Hi! Im having a peculiar issue, I’m doing an inner optimization steps using this code:

`inner_model = NN(param.detach(),self.kwargs).to(self.device).train() inner_opt = torch.optim.SGD(inner_model.model.parameters(), lr=100, momentum=.7, weight_decay=1e-6) for opt_step in range(20): out_inner = inner_model(images) loss = torch.sum(mask * F.binary_cross_entropy_with_logits(out_inner.squeeze(),inner_cur_lbl[idx].float(), reduction='none')) loss.backward() inner_opt.step() inner_opt.zero_grad()`

There are few important things to point out:

1.The grads are good.

2. The weight are updating, I check them using:

inner_model.model.regressor.weight

- The output a.k.a: out_inner is the same(!) as before the updates!!

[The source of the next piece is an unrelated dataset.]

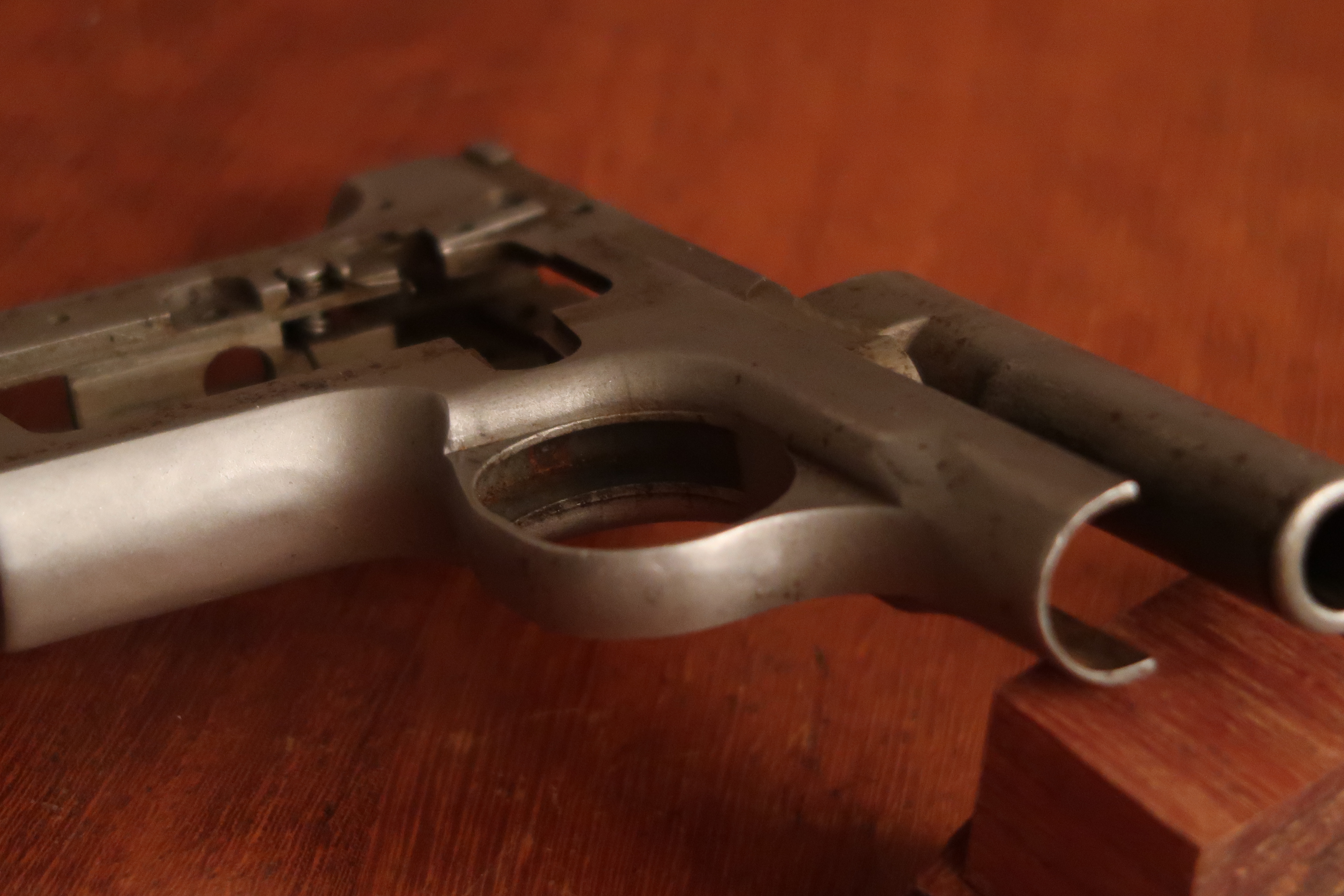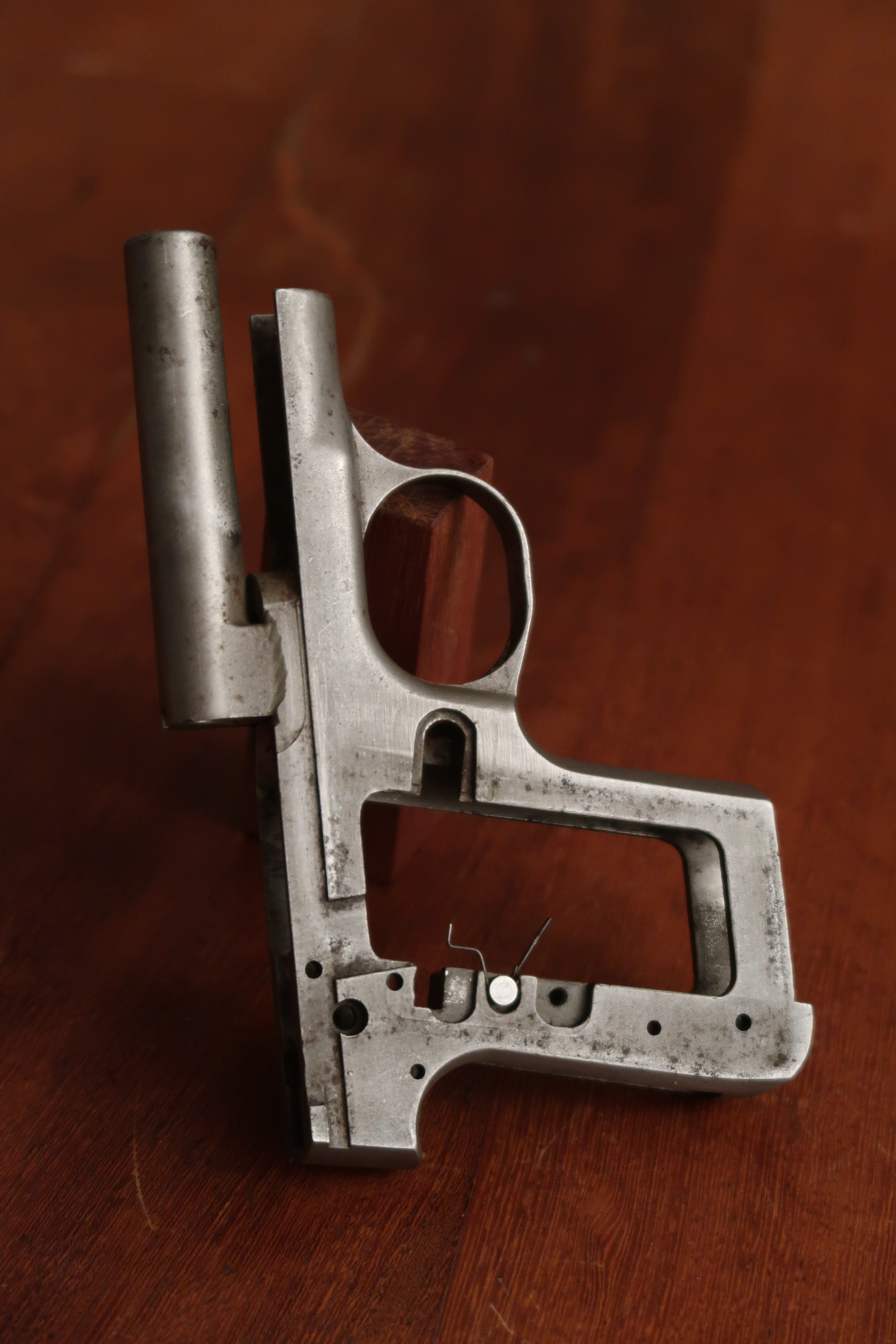 La carcasse d’un pistolet est comme celle d’un revolver, c’est une pièce maitresse qui réunit les emplacements des fonctions majeures : logement du mécanisme de détente, logement du mécanisme de gâchette, logement du marteau, logement du ressort de marteau, logement du chargeur, logement du canon, les rails de guidage de la culasse… Donc beaucoup d’usinage important sur une seule pièce qui est finalement un carrefour ou pour reprendre un mot à la mode dans le monde de l’armement contemporain : une plateforme.

So I entered nn.Linear forward method:

def forward(self, input: Tensor) → Tensor:

return F.linear(input, self.weight, self.bias)

And checked the self.weight, they are exactly as expected (i.e they changed exactly as I saw using section 2), hence I tried to run:

return F.linear(input, self.weight, self.bias)

But I got the same unchanged results, thus I did another experiment I checked:

torch.mm(input,self.weight.T) #I have no bias

And got different results!! results that shows that self.weight has changed!,i.e

torch.mm(input,self.weight.T) !=F.linear(input, self.weight, self.bias)

I think that something I did non properly made the F.linear use an old copy of the weights, once again , this is inspite self.weight has changed.

The final experiment and maybe the most important one was running:

F.linear(input, self.weight.clone(), self.bias)

This line calculated the same result as the matmul, but not as:

F.linear(input, self.weight, self.bias)

I know its not an easy post to follow, I tried to do my best to illustrate, does anyone has any idea what is going on?

Edit-Few more hints:

1.Switching from DDP to 1 GPU didn’t help.

2. This code is under training_step method under the pytorch lightning package

3. When switching to CPU it works!!!

This is even more puzzeling! what Im missing?